• _WORK INSTRUCTION_: Nothing but the lines from the one with "plus-circle Created with" down to the one with "Dial: custom Diamond" should be returned, exactly and with both ends included, from the material below.

• _DATA SHOWN_:
Content starts

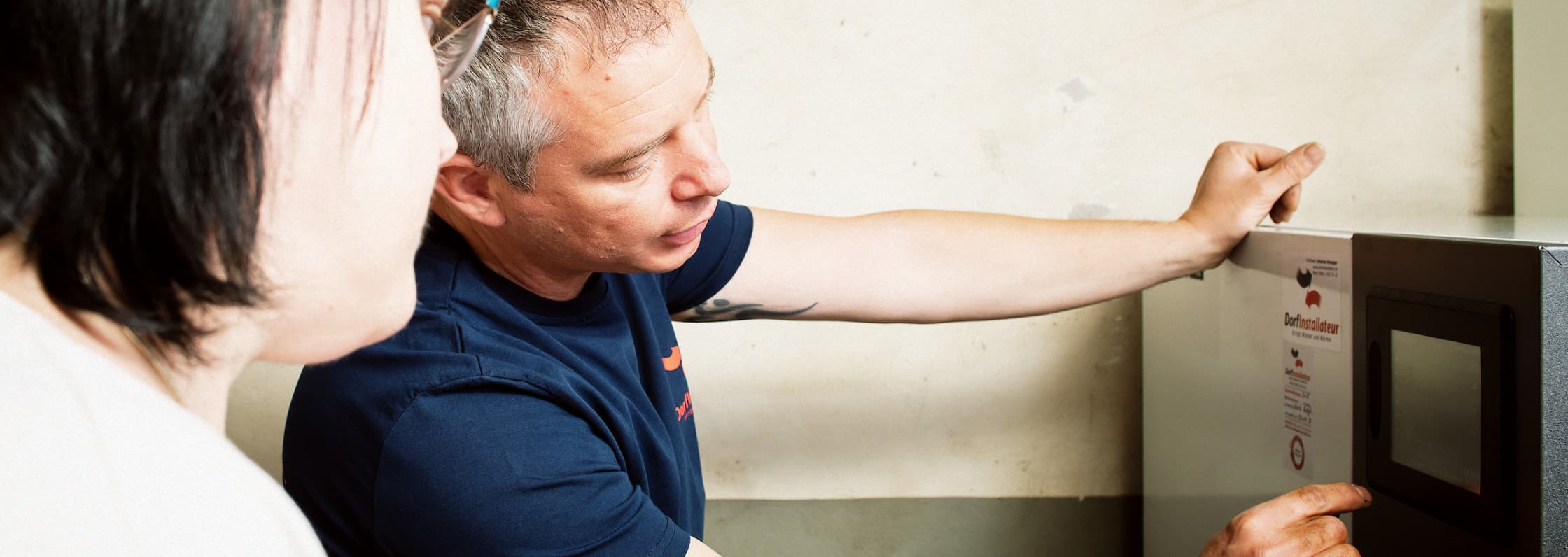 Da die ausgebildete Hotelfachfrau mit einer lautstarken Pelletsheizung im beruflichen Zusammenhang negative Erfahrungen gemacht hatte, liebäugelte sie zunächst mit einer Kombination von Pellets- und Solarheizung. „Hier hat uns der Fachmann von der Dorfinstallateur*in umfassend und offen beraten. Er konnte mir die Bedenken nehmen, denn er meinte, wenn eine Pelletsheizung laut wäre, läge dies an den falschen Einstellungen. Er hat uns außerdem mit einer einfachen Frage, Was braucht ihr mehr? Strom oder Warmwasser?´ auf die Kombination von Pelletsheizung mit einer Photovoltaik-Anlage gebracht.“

Content ends
Content starts

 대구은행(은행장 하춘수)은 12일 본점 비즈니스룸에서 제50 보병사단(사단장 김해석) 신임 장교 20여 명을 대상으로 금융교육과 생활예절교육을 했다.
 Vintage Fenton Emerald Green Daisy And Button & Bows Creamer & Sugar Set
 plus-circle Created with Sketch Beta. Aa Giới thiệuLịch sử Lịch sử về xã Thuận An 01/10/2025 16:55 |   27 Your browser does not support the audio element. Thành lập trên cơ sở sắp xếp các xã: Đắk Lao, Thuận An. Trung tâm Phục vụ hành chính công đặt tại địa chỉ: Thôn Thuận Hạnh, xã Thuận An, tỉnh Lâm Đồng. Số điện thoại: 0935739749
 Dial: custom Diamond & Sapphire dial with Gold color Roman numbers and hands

Content ends

• _PROBLEM SOLUTION_:
 plus-circle Created with Sketch Beta. Aa Giới thiệuLịch sử Lịch sử về xã Thuận An 01/10/2025 16:55 |   27 Your browser does not support the audio element. Thành lập trên cơ sở sắp xếp các xã: Đắk Lao, Thuận An. Trung tâm Phục vụ hành chính công đặt tại địa chỉ: Thôn Thuận Hạnh, xã Thuận An, tỉnh Lâm Đồng. Số điện thoại: 0935739749
 Dial: custom Diamond & Sapphire dial with Gold color Roman numbers and hands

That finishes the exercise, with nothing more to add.